From the records, return each line that has the word "with" in it.

=== Record excerpts ===

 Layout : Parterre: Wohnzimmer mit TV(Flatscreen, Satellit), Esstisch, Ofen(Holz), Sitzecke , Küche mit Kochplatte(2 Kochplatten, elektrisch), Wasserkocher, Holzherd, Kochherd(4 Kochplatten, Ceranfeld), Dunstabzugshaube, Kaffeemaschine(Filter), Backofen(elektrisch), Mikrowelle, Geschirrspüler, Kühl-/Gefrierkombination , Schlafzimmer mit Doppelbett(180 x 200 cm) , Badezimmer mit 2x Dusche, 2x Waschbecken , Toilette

===
=== Record excerpts ===

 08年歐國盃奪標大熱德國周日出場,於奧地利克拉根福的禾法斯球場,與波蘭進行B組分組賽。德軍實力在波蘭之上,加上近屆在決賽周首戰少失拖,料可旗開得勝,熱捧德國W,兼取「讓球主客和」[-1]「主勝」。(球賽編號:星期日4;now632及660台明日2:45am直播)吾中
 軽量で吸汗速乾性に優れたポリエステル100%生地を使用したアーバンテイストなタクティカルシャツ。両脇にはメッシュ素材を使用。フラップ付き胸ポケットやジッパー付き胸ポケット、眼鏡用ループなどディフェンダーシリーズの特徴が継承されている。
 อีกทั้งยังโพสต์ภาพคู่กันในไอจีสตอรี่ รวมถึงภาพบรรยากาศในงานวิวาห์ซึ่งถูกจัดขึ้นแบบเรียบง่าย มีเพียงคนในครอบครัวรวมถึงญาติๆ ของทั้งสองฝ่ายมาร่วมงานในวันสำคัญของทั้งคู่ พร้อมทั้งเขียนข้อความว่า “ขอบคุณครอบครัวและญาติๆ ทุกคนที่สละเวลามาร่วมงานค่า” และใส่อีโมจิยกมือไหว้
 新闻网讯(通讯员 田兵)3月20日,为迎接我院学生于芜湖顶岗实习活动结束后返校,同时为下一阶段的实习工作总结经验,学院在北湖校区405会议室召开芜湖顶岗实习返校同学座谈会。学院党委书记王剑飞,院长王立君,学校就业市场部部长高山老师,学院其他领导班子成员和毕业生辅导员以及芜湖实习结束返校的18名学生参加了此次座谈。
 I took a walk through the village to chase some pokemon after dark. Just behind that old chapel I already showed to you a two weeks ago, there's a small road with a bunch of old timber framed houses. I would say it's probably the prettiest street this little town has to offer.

===
=== Record excerpts ===

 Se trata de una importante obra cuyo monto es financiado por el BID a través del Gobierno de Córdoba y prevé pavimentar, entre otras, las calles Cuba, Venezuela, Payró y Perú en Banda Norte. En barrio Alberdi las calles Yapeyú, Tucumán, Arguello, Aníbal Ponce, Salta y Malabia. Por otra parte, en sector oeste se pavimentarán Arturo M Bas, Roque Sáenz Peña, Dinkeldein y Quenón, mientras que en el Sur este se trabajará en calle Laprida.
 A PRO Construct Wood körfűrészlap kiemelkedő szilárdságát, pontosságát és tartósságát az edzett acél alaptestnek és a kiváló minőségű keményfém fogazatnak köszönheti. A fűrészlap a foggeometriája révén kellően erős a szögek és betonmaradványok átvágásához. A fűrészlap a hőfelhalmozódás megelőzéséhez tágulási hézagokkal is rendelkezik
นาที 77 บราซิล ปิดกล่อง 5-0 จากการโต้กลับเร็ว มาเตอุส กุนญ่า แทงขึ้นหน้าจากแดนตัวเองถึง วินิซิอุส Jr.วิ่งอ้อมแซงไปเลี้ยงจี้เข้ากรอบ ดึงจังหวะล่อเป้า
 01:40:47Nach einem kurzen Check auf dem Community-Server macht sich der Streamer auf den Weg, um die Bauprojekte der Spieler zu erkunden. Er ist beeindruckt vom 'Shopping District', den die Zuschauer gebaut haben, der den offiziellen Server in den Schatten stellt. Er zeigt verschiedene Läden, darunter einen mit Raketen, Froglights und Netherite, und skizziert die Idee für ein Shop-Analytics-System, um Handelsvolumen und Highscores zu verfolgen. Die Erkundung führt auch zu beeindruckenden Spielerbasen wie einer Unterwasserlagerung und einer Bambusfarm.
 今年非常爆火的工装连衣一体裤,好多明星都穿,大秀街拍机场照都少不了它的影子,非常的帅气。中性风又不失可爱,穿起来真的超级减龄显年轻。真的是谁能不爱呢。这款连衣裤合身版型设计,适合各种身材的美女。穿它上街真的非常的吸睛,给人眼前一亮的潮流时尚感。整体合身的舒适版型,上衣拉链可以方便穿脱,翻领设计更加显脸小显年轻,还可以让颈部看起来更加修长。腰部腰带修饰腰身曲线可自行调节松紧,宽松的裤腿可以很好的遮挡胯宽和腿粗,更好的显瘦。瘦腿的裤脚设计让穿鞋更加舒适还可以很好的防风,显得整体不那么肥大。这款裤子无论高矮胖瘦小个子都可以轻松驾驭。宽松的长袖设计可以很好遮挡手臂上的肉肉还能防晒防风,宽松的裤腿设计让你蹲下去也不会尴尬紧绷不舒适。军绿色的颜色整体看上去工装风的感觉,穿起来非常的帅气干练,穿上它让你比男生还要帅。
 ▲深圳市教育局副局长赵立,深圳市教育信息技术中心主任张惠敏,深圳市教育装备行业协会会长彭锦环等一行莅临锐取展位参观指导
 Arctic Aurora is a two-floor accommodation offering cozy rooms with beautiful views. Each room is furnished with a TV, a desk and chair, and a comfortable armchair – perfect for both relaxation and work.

===

**Solved problem**
 I took a walk through the village to chase some pokemon after dark. Just behind that old chapel I already showed to you a two weeks ago, there's a small road with a bunch of old timber framed houses. I would say it's probably the prettiest street this little town has to offer.
 Arctic Aurora is a two-floor accommodation offering cozy rooms with beautiful views. Each room is furnished with a TV, a desk and chair, and a comfortable armchair – perfect for both relaxation and work.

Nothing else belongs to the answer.